Die rechtliche Beurteilung des Berufungsgerichts zudem fehlenden Pflichtenheft leidet an dem Mangel, dass ein solches nach dem vom Berufungsgericht festgestellten Sinn und Zweck seine Aufgabe, den Vertragsumfang und den Vertragsinhalt eindeutig festzulegen, nur dann erfüllen könnte, wenn die diesbezügliche Vereinbarung vor Ausführung des Werkvertrages abgeschlossen worden wäre. Nachdem die Parteien hier aber anders vorgegangen sind und mangels Festlegung in einem Pflichtenheft nur ein ZKS entsprechend dem Stand der Technik bei einem mittleren Ausführungsstandard geschuldet war, kann das Pflichtenheft hier seine Aufgabe nicht mehr erfüllen. Es ist nach den Feststellungen des Berufungsgerichts mangels konkreter anderer Absprache, die ihren Niederschlag in dem Pflichtenheft hätte finden müssen, eine Festlegung auf das konkret vom Beklagten hergestellte ZKS erfolgt. Dessen Übereinstimmung mit dem Stand der Technik bei einem mittleren Ausführungsstandard ist Inhalt des zwischen den Parteien zustandegekommenen Vertrages.

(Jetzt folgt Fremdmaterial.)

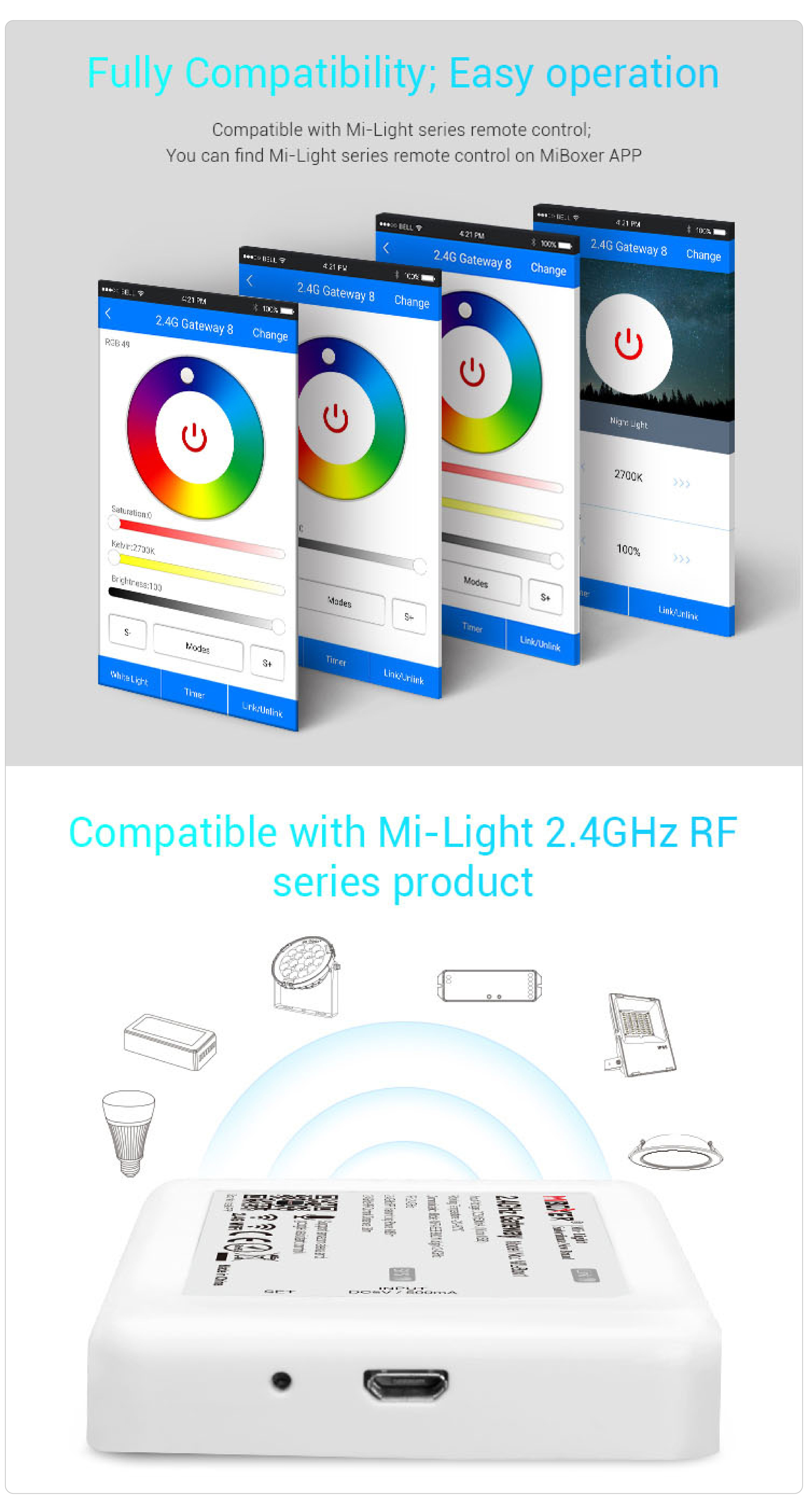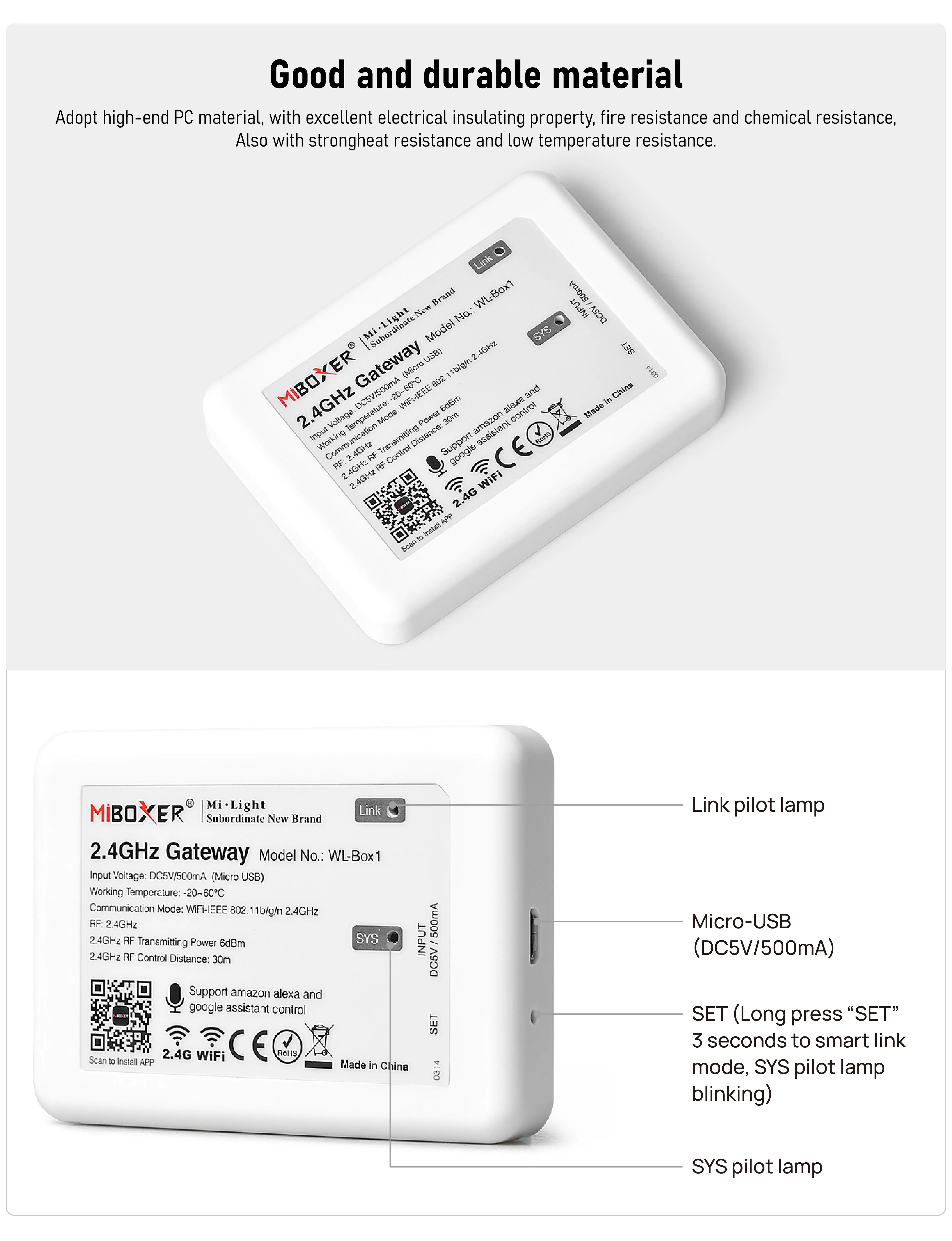Шлюз Wi-Fi WL-Box1 Mi светильник 2,4 ГГц совместим с контроллерами серии Miboxer и Alexa и Google Assistant

Die Auffassung des Berufungsgerichts ist im übrigen denkgesetzwidrig. Der von der Klägerin gegen den Beklagten geltend gemachte und auf § 326 Abs. 1 Satz 1 BGB gestützte Schadenersatzanspruch setzt u.a. voraus, dass der Beklagte mit einer Hauptleistungspflicht in Verzug gewesen ist (BGHR BGB § 326 Abs. 1 - Einreden 1; BGH NJW 1972, 99; Palandt/Heinrichs Komm. z. BGB 50. Aufl., 1991, § 326 Anm. 3 b m.w.N.). Unabhängig davon, ob das Berufungsgericht rechtsfehlerfrei festgestellt hat, dass es sich bei der Erstellung des Pflichtenheftes um eine Hauptleistungspflicht handelt, und ferner, ob die Klägerin - was die Revision rügt - dem Beklagten gerade wegen dieser Verpflichtung eine Frist mit Ablehnungsandrohung gesetzt hat, kann es sich jedenfalls nach den vom Berufungsgericht getroffenen Feststellungen bei der Erstellung des Pflichtenheftes nicht um eine Hauptleistungspflicht handeln, die bei der konkreten Sachverhaltsgestaltung die Klägerin berechtigt hätte, die Annahme der Leistungen des Beklagten zu verweigern; denn diese "Hauptleistungspflicht" wäre jedenfalls durch die Entwicklung des ZKS durch den Beklagten hinfällig gewesen.